### What to do
Please give all of the data again, character for character, and drop the pictures.

### Given material
☆ ☆ ☆ ☆ ☆

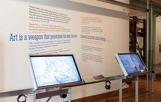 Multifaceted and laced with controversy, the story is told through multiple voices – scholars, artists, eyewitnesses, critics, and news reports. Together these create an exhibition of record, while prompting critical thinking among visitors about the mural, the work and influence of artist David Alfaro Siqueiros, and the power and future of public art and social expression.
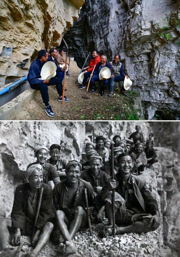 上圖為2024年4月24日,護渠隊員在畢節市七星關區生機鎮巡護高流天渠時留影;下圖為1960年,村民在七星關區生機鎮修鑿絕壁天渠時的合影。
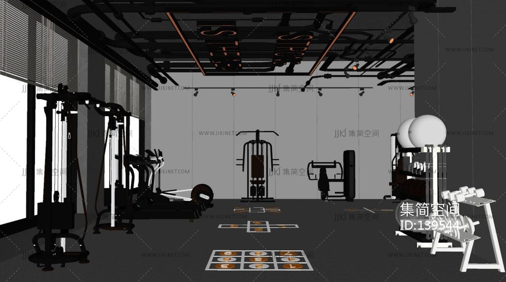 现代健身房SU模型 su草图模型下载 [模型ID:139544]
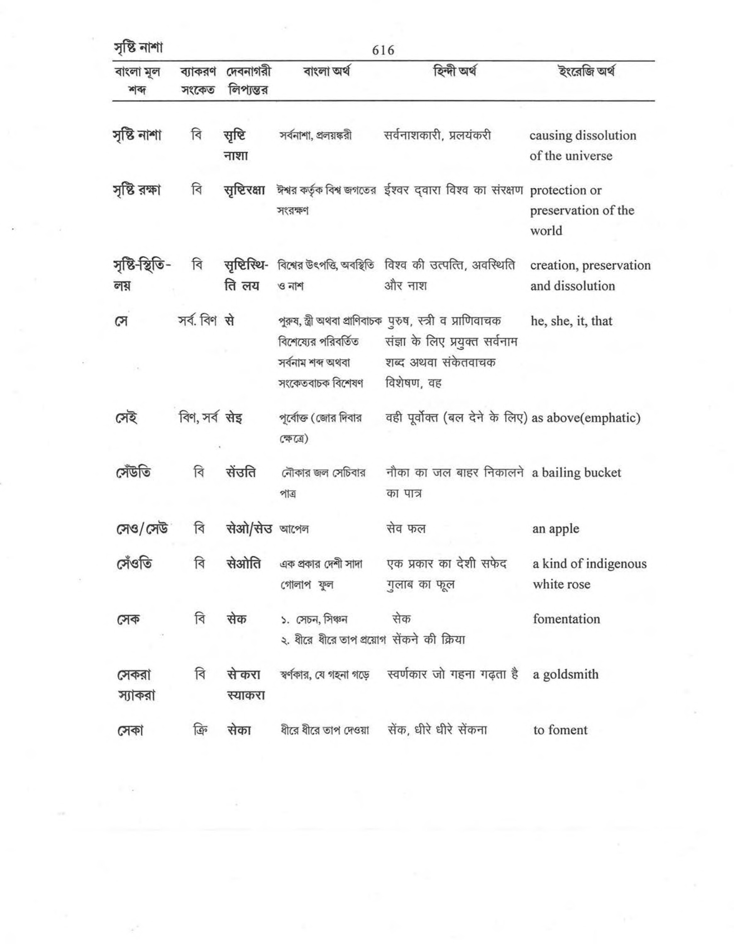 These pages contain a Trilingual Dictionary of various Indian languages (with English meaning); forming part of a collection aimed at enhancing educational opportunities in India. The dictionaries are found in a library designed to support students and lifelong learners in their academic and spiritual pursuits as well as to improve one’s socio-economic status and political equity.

☆ ☆ ☆ ☆ ☆

### Your solution
 Multifaceted and laced with controversy, the story is told through multiple voices – scholars, artists, eyewitnesses, critics, and news reports. Together these create an exhibition of record, while prompting critical thinking among visitors about the mural, the work and influence of artist David Alfaro Siqueiros, and the power and future of public art and social expression.
 上圖為2024年4月24日,護渠隊員在畢節市七星關區生機鎮巡護高流天渠時留影;下圖為1960年,村民在七星關區生機鎮修鑿絕壁天渠時的合影。
 现代健身房SU模型 su草图模型下载 [模型ID:139544]
 These pages contain a Trilingual Dictionary of various Indian languages (with English meaning); forming part of a collection aimed at enhancing educational opportunities in India. The dictionaries are found in a library designed to support students and lifelong learners in their academic and spiritual pursuits as well as to improve one’s socio-economic status and political equity.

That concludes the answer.